В таком разговоре Патрон, словно Алтей, обрел снова силу. Он согласился взять молодых в долю, выплатив пятьдесят тысяч долларов аванса, оговорил проценты и, как ему казалось, был убедителен:

– Я понимаю, что вы способны разрезать меня на кусочки, и я умру в мучениях. Подписать чеки я не могу, наличных и бриллиантов у меня нет, у вас на руках останется изуродованный труп и только. Так что не надо больше запугивать. Договорились?

– Возможно, – молодой снял дымчатые очки, взглянул внимательно. Только вы ошибаетесь, что, уничтожив вас, мы ничего не приобретем. Мы запишем ваши последние слова на магнитофон. Ваши вопли не будут содержать смысла: поверьте, когда человек так умирает, то кричит непонятно. Но вы у нас не единственный, ваше исчезновение и запись последних пожеланий облегчат мне дальнейшие переговоры, и ваши последователи будут умнее. Договорились?

После этой встречи он начал катастрофически худеть. Ему запретили выезд за рубеж, предупредили, что снимут с трапа самолета, а нет, так достанут в любой стране. Его не подгоняли, понимая, что решить столь серьезный вопрос в одночасье невозможно. И когда все уже было практически продумано и решено, вдруг из длинной сложной цепи вылетело важное звено. А любая цепь без одного звена уже не цепь, а груда обломков. Только занялись ремонтом, уже казалось, что вот-вот все наладится, как вламывается знакомый – сыщик Гуров. За его длинную жизнь у Патрона было много врагов, и уж коли так распорядилась судьба, что один из них должен встать на пути, то менее всего Патрон хотел бы, чтобы это был полковник.

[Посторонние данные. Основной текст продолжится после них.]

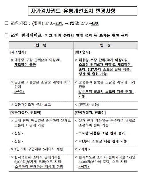 식약처도 기존 유통개선조치를 이번에 일부 완화하면서 "자가검사키트 유통·공급이 안정화되고 있어 일부 제한을 해제해 자가검사키트 구매 편의성을 높이기 위해 (완화 조치를)마련했다"고 전했다.
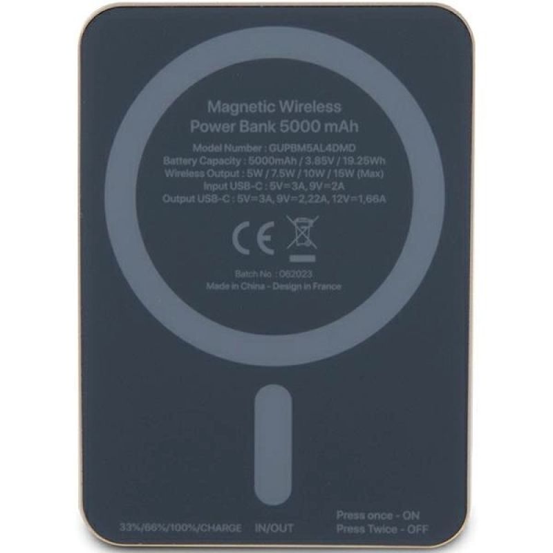 Sammlung Metallschriftzug-Logo MagSafe Typ Drahtlose Powerbank Material Aluminium/Silikon Kapazität 5000 mAh / 3,85 V / 19,25 Wh Maße 83x60x14mm Kabellose Ladeleistung 5 W / 7,5 W / 10 W / 15 W (maximal) USB-C-Eingang 5V⎓3A, 9V⎓2A USB-C-Ausgang 5V⎓3A, 9V⎓2,22A, 12V⎓1,66A Stromversorgung USB-C Farbe Golden Inbegriffen 1x Guess Metal Script Logo MagSafe Powerbank,1x USB-C-Kabel 30cm
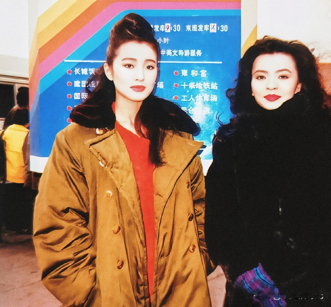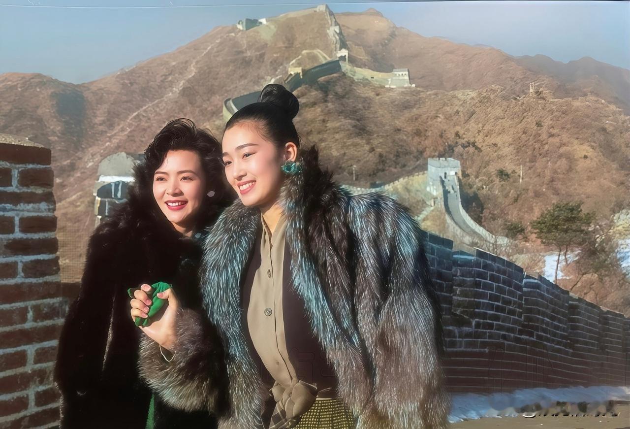 1989年底,陈玉莲到北京探班巩俐,两人之前并无合作,但她俩却有一个特别的缘分。 她们先后被选中饰演《大红灯笼高高挂》里的四姨太颂莲。 这次见面也是为了交流心得、探讨角色。 陈玉莲到北京的时候,巩俐正在拍《古今大战秦俑情》,两人就顺便爬了长城,拍下这组照片。 陈玉莲港风大波浪搭配黑色大衣,整个人光彩照人。巩俐一件简单的军大衣裹身上,虽然朴素但气质不俗。 两人都是出了名的美人,陈玉莲是标准的东方美人长相,巩俐则是气质超群,站在那里就有种无法忽视的气势。

Роговой отбросил подушку, вновь сел и проклял ночь, которая, казалось, не имела конца.

Работники цирка, начиная от билетеров и кончая директором, не ворочались в постелях, а находились в управлении внутренних дел. Одни писали объяснительные, другие отвечали на вопросы оперативников, третьи, ожидая своей очереди, маялись в коридорах. Уголовное дело возбудила прокуратура, но опрос такого количества людей следователю был, естественно, не под силу, он дал соответствующее поручение, и работали оперативники.

Вопросы всем задавались одни и те же, так как ничего нового в данной ситуации придумать еще никому не удавалось. Где вы находились в такое-то время? Не видели ли в служебных коридорах посторонних? Не заметили ли чего-нибудь подозрительного либо необычного? Когда, где, при каких обстоятельствах видели последний раз Ивана Ивановича Мухина?

Майор Фрищенко беседовал с людьми, имеющими непосредственное отношение к конюшне. Майор понимал, что ни черта они этим бреднем не вытащат, и вскоре останется он с кипой исписанной бумаги. В городе же поговорят-поговорят и забудут. На дворе март, а виснет третье убийство, совсем же недавно такой тихий был город... Гурова майор знал давно, дважды сталкивался по работе, порой доходили слухи. Фрищенко москвича не любил, признавал, что оперативник он классный, но человек абсолютно чужой, высокомерный и холодный, а что простаком держится, так это от профессии, умеет перекраситься. И хотя Гуров был значительно старше и по званию, и по должности, Фрищенко обращался к нему на "ты". Полковник же и бровью не вел, держался как с равным, спокойно и уважительно, чем вызывал еще большее раздражение Фрищенко.

Майор переходил из кабинета в кабинет, словно сомнамбула. Вид отрешенного глухонемого начальника "утро" мог обмануть кого угодно, только не оперативников, которые отлично знали: майор все прекрасно видит и слышит, ничего не забывает. Когда Фрищенко неожиданно материализовывался в кабинете и, привалившись плечом к стене, почему-то он никогда не садился, застывал в привычной позе, ведущий беседу оперативник невольно напрягался, начинал говорить громче, вопросы задавал жестче. Начальник мог простоять минуту, а мог и десять, неслышно исчезал, из прокуренного кабинета перемещался в еще более прокуренный коридор, прохаживался, снимая своим появлением естественные сейчас разговоры, которые за его спиной тут же возобновлялись с еще большим накалом.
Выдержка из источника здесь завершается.